- 55 Comments
- Last updated: 18/11/2016
Being able to accurately determine the range of an object is invaluable whether hunting, shooting knock-down plates or even laying a course of fire, the brief is the same - pin point accuracy. Trying to judge distance by eye is a skill in itself, but where possible, (HFT competition doesn’t allow rangefinders) if the odds can be stacked in your favour, and much of the human error eliminated, then why not?
So what does Hawke Sport Optics LRF Rangefinder Pro 1000 offer? Operation is simple, press the power button and a red LCD display appears. Point the unit at the chosen subject and hold down the power button. Once the red dot appears superimposed on the centre of the target, hold steady and release the button. The unit determines the distance by measuring the time taken for the laser beam to go out and bounce back off the target. The range then appears in the viewfinder. Its clever stuff and under the right conditions it will calculate the distance to within a yard or so.
Distance can be read in either yards or metres, toggled to one or the other by pressing and holding the power button, whilst also pressing MODE. There’s only the two buttons and with a decent set of instructions supplied, it all soon becomes clear.
The Hawke LRF1000 has a subtle rubberized finish and an adjustable eye piece along with a focusing ring. It can also calculate for angled (up or down hill) shots and shows angle and the horizontal distances, which is done in BC (Ballistic Compensation) mode. The red LCD display offers two levels of brightness.
Performance can vary as laser rangefinders are affected by target reflectivity, colour, shape and size. Likewise mist can play havoc with them too as the beam gets confused by the water droplets in the air. So don’t assume it’s broken just because you don’t’ get a reading! It’s also very important to
hold steady as it’s too easy to be over or under the target and still get
I ran a series of checks, starting of course with typical airgun distances, given my main interests. The minimum 5yd readings came in fine, and the claimed accuracy of +-1yd was certainly born out with everything out to 50yds.
Moving to greater distances, and using 3ft road signs as a subject, I found I could achieve consistent readings out to about 400yds, checked to within two yards. A three foot target begins to look small at this distance and keeping the aiming mark steady on the subject, was the key. Past this and the target would need to be much larger to allow for the reading to be taken. A navy blue car ‘pinged’ at the 400 point varied by around three yards depending on whether the number plate was hit or the bodywork, which was interesting.
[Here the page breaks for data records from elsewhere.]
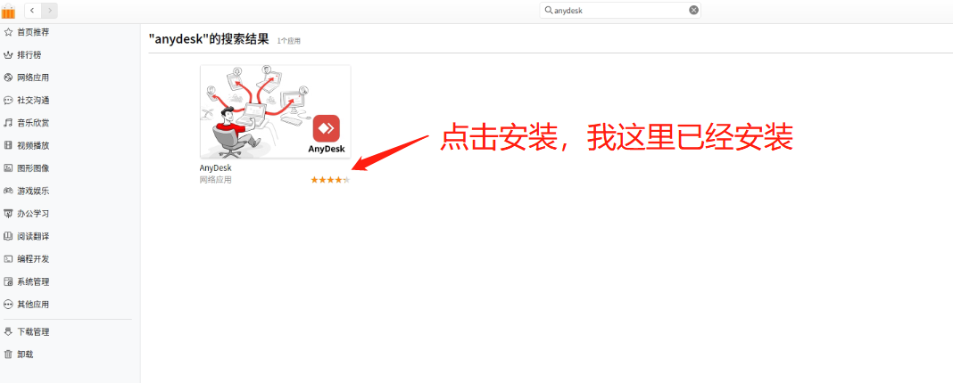 3、点击进入后按“安装”即可,安装完成即可在“深度商店”点击“打开”运行anydesk。
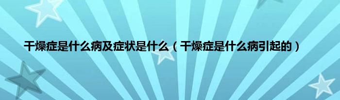以上就是【干燥症是什么病及症状是什么,干燥症是什么病引起的】相关内容。
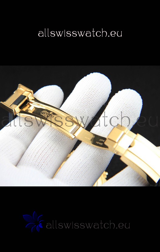 18K Gold Plating on 904L Solid Stainless Steel Case with Rolex Markings and Engravings
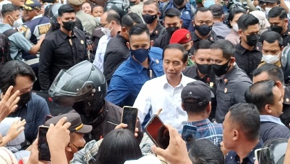 Presiden RI, Jokowi mengunjungi Pasar Wisata Pasar Bawah, Kota Pekanbaru, Rabu (4/1/2023). Ribuan masyarakat Pekanbaru menyambut.
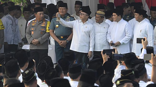 Jakarta - Apel Hari Santri Nasional (HSN) 2023 di Tugu Pahlawan, Surabaya, Jawa Timur, Minggu (22/10). Kegiatan ini dihadiri presiden Jokowi dan para menteri.
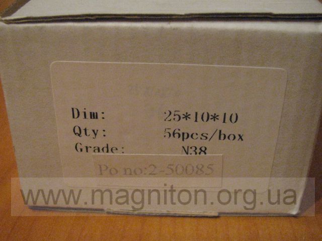 Пластина неодимовая 25х10х10 ммВи можете збільшити зображеннямагніту, натиснув на нього Категорія: Магниты прямоугольные Прямоугольник магнит 25*10*10 мм. Усилие на отрыв 12 кг. NdFeB.N38.
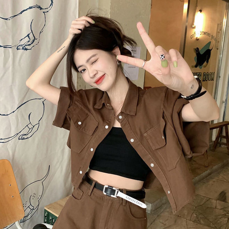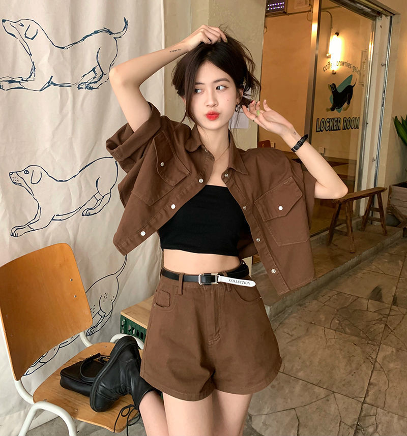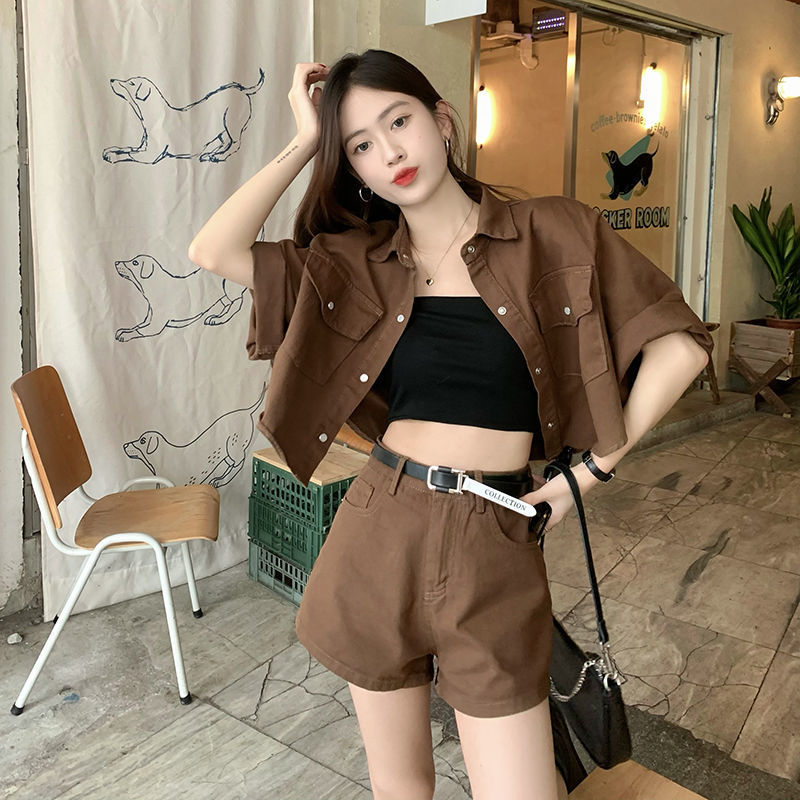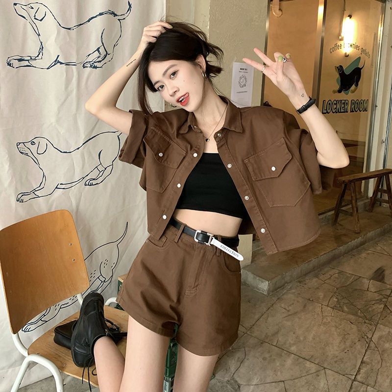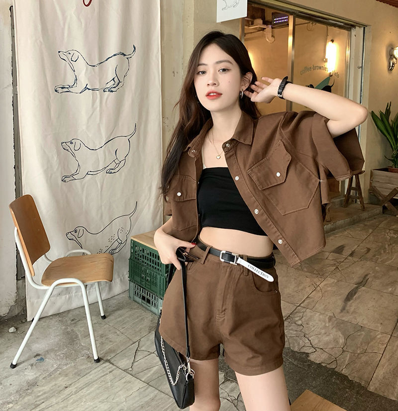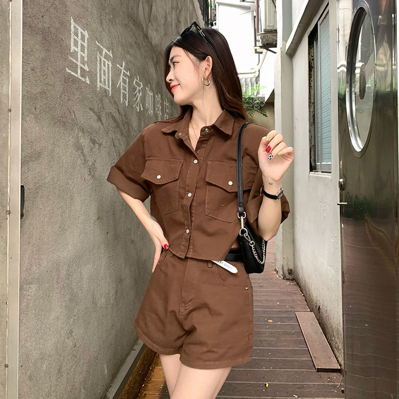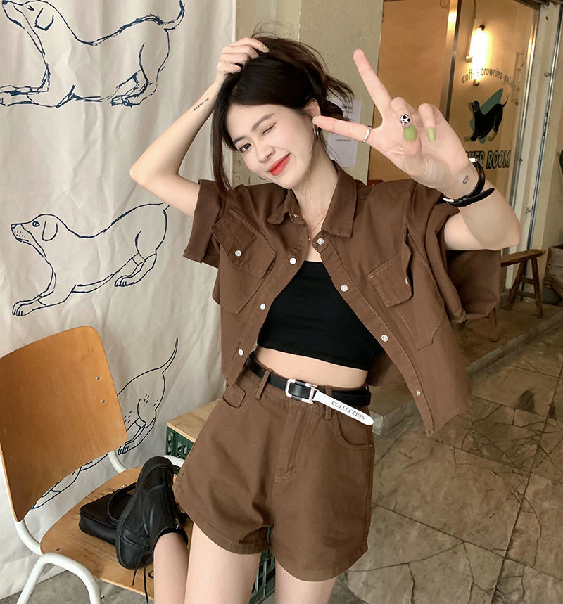 빈티지 홍콩 스타일 데님 패션 세트 여성 여름 2025 새로운 도착 반바지 하이 엔드 투피스 세트
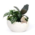 (観葉植物)おまかせミニ観葉2種 エッグポット ティラノサウルス ワイド(1鉢)苔

The unit uses a CR2 Lithium battery, which should last quite some time. The spec of 6 x 28 gives a good field of view , while full water proofing adds to the feeling that this device has been well thought through. Being able to mount the LRF1000 onto a camera tripod via the standard thread is just the icing on the cake.
I’ve heard it said that it’s unsporting to use rangefinders for hunting! That doesn’t stack up! Surely it makes sense to use every available tool at out disposal to maximize accuracy and minimize wounding our quarry? To that end, this LRF1000 from Hawke Optics is an invaluable piece of kit that earns a place in the kit box on merit.